Dialog statt Monolog: Nachdem klar wurde, dass sie ihre Botschaften nicht vermitteln kann bzw. Caren Miosga gar nicht auf ihre Inhalte einging, entschied sich Frau Lieberknecht für einen ignoranten Monolog. Nach jeder Frage sagte sie ihre Botschaften auf, nach dem dritten Mal dann auch schon schon fast bockig, mit gequältem Lächeln – Antworten gab sie jedoch keine. Würdet ihr auf die Fragen von Bewerbern mit Marketingphrasen antworten? 
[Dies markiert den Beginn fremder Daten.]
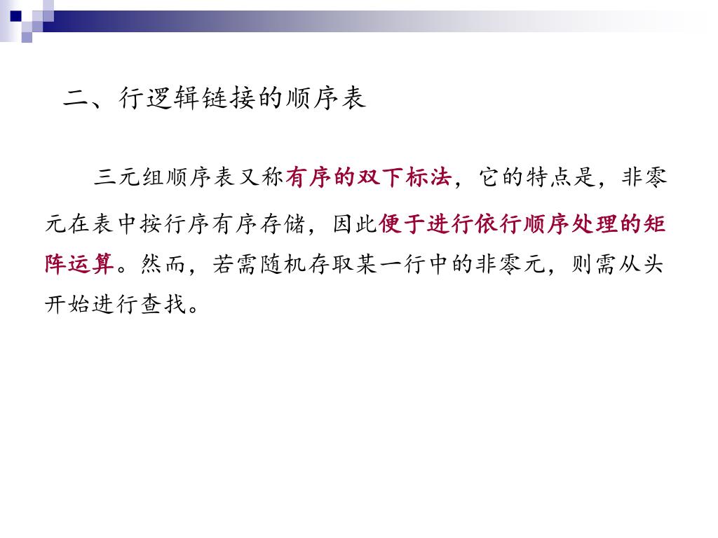 二、行逻辑链接的顺序表 三元组顺序表又称有序的双下标法,它的特点是,非零元在表中按行序有序存储,因此便于进行依行顺序处理的矩阵运算。然而,若需随机存取某一行中的非零元,则需从头开始进行查找。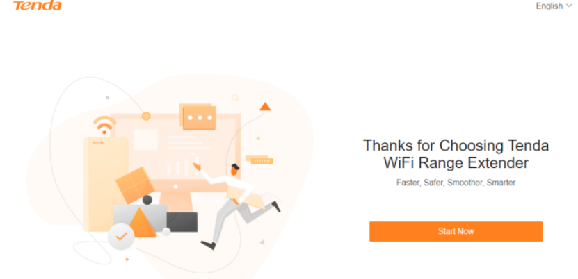 Connect your laptop to the WiFi network of the WiFi extender: Tenda_EXT, or connect your desktop computer to the LAN port of the WiFi extender with an Ethernet cable.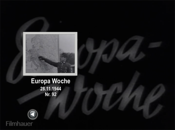 Wien: Trauerfeier am 23.11.1944 für den gefallenen Major Walter Nowotny; Zagreb (Kroatien): Allerheiligen 1944; Deutschland: Ausbildung von Jugendlichen in einer Adolf Hitler Schule; Prag (Reichsprotektorat Böhmen und Mähren): Schachturnier; Spanien: Weinlese; Deutschland: Herstellung von Pferdepreßfutter; Deutschland: Kosakengestüt; Deutschland: Bahnhofshelferinnen bei der Fertigung von Winterkleidung; Lorient (Frankreich): Deutsche Soldaten in dem eingeschlossenen Atlantikstützpunkt

Feedback zulassen und annehmen: Selbst nach dem direkten Hinweis von Caren Miosga, dass Selbstkritik (aufgrund des Wählerverlusts) angebracht sei, betet Frau Lieberknecht ihre Botschaften ein weiteres Mal herunter (und schafft sich damit ihre eigene Wirklichkeit). Ein solch ignorantes und zugleich arrogantes Verhalten kann nur nach hinten losgehen, insbesondere im Kontakt mit Bewerbern. Wer möchte schließlich für ein Unternehmen arbeiten, dass die Augen vor Problemen schließt und keine Kritik annimmt!? Kommunikation in modernen Unternehmen läuft nicht ausschließlich von oben nach unten, sondern horizontal wie auch vertikal, in verschiedene Richtungen.

Keine “Fuck you Mentalität”: Am schlimmsten an dem ganzen Interview finde ich jedoch das aufgesetzte Lächeln und die bockigen Antworten à la “Ich will aber jetzt beglückwünscht werden und klarmachen, dass wir gewonnen haben. In Thüringen gibt es keine Probleme. Jetzt fragen Sie mich nicht ständig so einen Scheiß!” Das kann einem Unternehmen den Hals brechen. Stellt euch vor, ihr rekrutiert Top-Kandidaten, die Interesse an euch als Arbeitgeber haben und im Gespräch vermittelt ihr, dass ihr euch für deren Bedürfnisse gar nicht interessiert. Wie hoch ist die Wahrscheinlichkeit, dass sie den Vertrag bei euch unterschreiben?

Überzeugungsarbeit funktioniert anders – Frau Lieberknecht, vielen Dank für dieses Lehrstück. Ich bin gespannt auf Ihre Arbeit in den kommenden fünf Jahren.